Prisons inspector deems UKBA unfit to run detention centres
Prisons inspector deems UKBA unfit to run detention centres
Based upon her recent inspect of Brook House detention centre, Dame Ann Owners – Chief Inspector of Prisons - has proposed that the UKBA no longer be in charge of detaining immigrants prior to their removal from the U.K.
The widespread violence and lack of safety discovered at Brooke House has caused the prisons inspector to question the role of the UKBA and its priorities.
Dame Ann has been outspoken in recent years about the state of the detention system in general. Whilst she resists labelling every detention centre as being poorly run, a sense of the larger picture gained from over half a decade’s experience in this area has prompted her to table this latest idea.

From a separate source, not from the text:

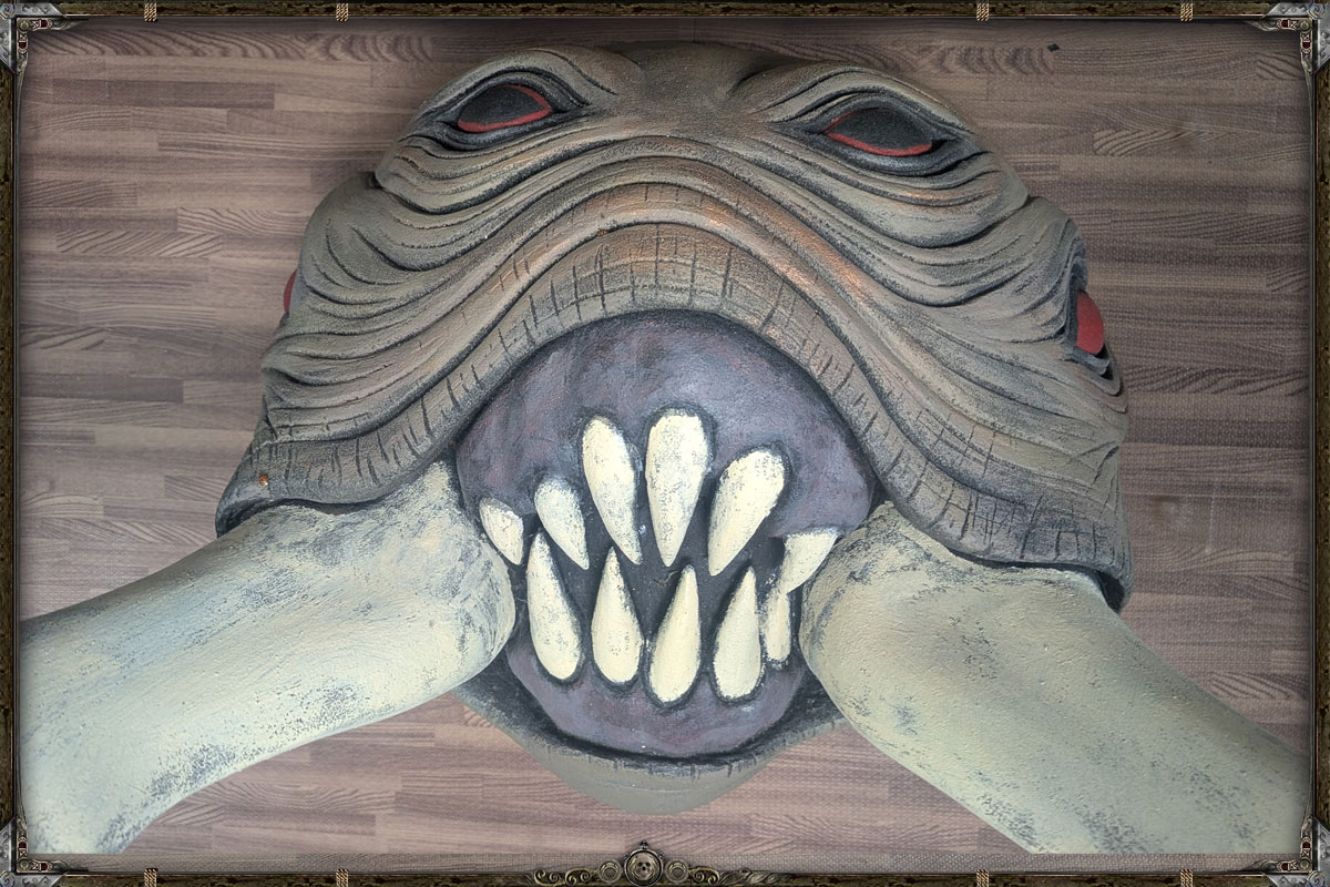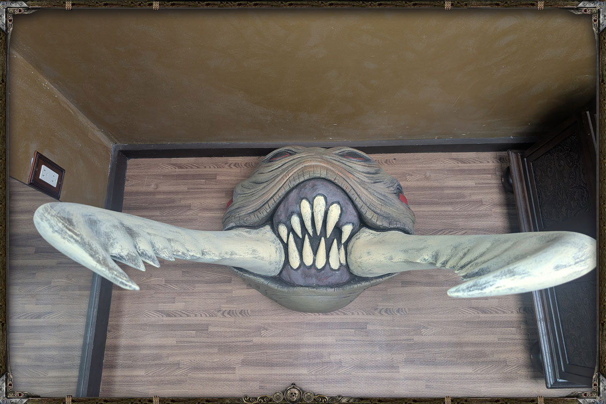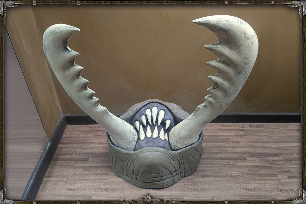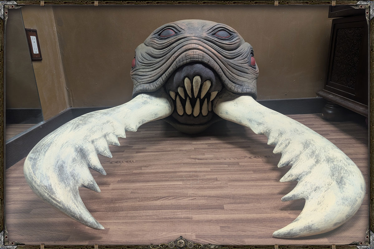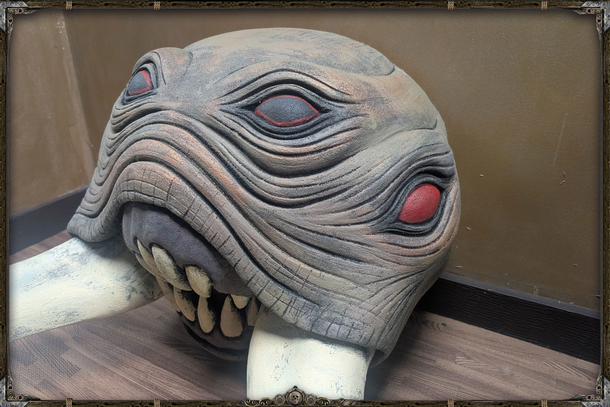 This extraordinary trophy head was painstakingly sculpted, carved, and detailed over the course of several months. A true labor of passion by an artisan who understands the monstrous anatomy and iconic menace of one of Dungeons & Dragons’ most unforgettable creatures. Every ridge, mandible, and chitin plate has been custom shaped by hand, then brought to life with a rich, multi‑layered paint finish that gives the piece an uncanny, almost living presence.

All too often conditions have been found to resemble those of prisons, which runs contrary to the avowed principle of affording detainees decent and human conditions before their repatriation.
In a recent interview with The Independent, Dame Ann said: "Immigration detention should not to be the same as prison. When we are looking at prison, the role of the Prison Service is to try to hold people safely in detention – that is not the core role of the UK Border Agency."
This prevalent trend, she believes, is symptomatic of a conflict of duties within the UKBA’s remit.
The remedy she advocates is for a separate organisation to assume responsibility for detainee care. This is owing to her view that the overarching aim of the UKBA, namely the removal of failed asylum seekers and enforcing border control, clashes with its efforts to provide good conditions for those it seeks to expel.
This observation rings particularly true in light of what some perceive as a culture of scepticism at the UKBA. In the past months blogger and immigration barrister Colin Yeo has drawn attention to the UKBA’s unwillingness to believe the accounts of women who claim to have been domestically abused.
This culture is further illustrated by the revelations earlier this year of Louise Perret, who talked of the farcical tests which some asylum seekers were subjected to in order to prove their stories authentic.